Problem requirements: Given the entries below, would you transcribe exactly the lines starting at the one with "[점프볼=잠실학생/박상혁 기자] 17일" and ending at the one with "The Bridge Motel", both kept, pictures omitted, nothing extra?

Entries provided:
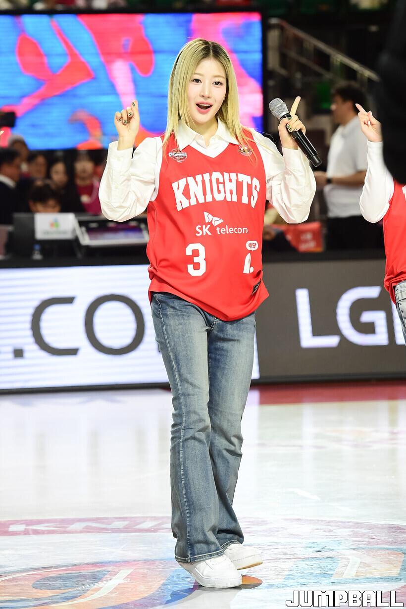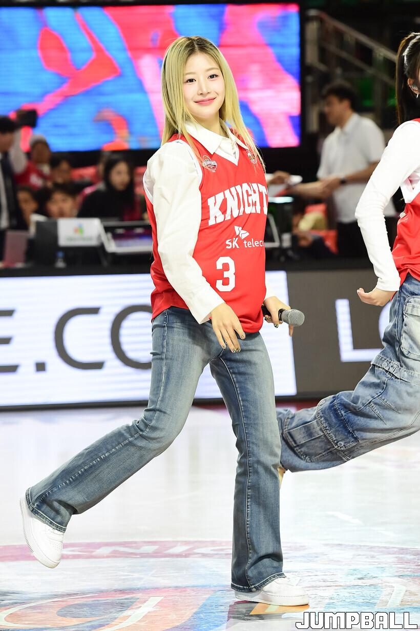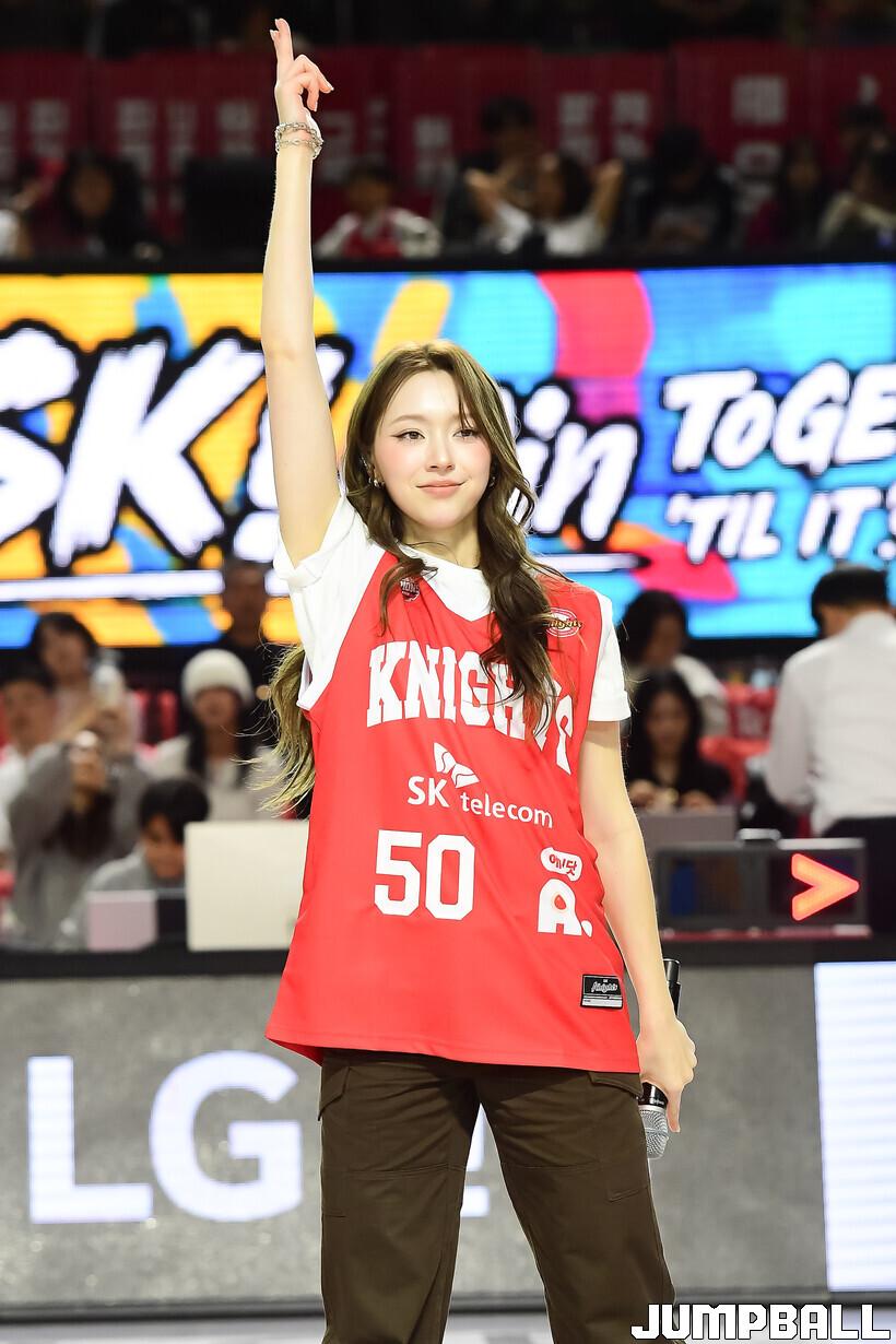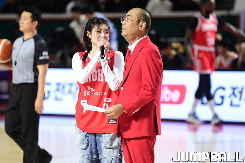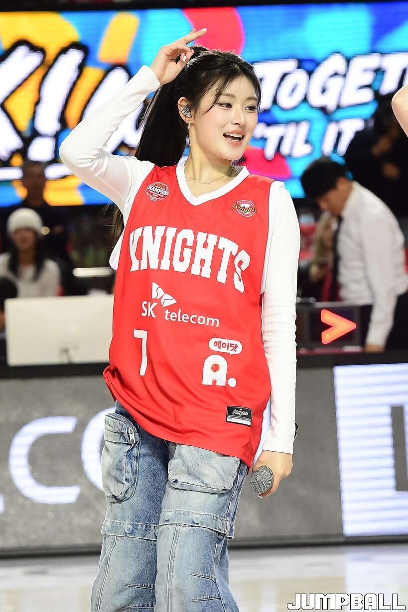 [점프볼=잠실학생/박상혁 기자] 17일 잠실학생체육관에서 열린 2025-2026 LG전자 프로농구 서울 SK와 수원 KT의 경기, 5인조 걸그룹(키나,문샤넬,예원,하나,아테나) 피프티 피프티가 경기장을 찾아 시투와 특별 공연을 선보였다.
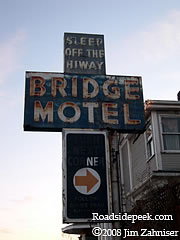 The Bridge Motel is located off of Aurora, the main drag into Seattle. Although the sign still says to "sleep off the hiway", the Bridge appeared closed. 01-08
---
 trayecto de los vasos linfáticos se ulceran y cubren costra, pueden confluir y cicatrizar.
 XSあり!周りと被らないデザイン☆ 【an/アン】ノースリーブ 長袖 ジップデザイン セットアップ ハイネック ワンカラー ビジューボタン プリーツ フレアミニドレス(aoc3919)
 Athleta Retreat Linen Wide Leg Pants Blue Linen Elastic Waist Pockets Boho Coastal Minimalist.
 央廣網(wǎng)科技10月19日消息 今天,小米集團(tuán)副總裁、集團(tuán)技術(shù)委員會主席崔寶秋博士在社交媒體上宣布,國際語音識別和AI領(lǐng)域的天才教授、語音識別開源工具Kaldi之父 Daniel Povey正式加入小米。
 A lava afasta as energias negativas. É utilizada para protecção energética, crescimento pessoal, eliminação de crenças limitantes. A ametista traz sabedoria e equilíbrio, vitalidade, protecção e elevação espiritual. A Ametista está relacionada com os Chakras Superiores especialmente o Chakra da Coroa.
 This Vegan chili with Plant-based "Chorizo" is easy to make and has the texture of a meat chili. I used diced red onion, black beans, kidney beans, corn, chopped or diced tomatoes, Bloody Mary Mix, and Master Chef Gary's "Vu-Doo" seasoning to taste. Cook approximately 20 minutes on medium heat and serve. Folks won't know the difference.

Problem solution:
 [점프볼=잠실학생/박상혁 기자] 17일 잠실학생체육관에서 열린 2025-2026 LG전자 프로농구 서울 SK와 수원 KT의 경기, 5인조 걸그룹(키나,문샤넬,예원,하나,아테나) 피프티 피프티가 경기장을 찾아 시투와 특별 공연을 선보였다.
 The Bridge Motel is located off of Aurora, the main drag into Seattle. Although the sign still says to "sleep off the hiway", the Bridge appeared closed. 01-08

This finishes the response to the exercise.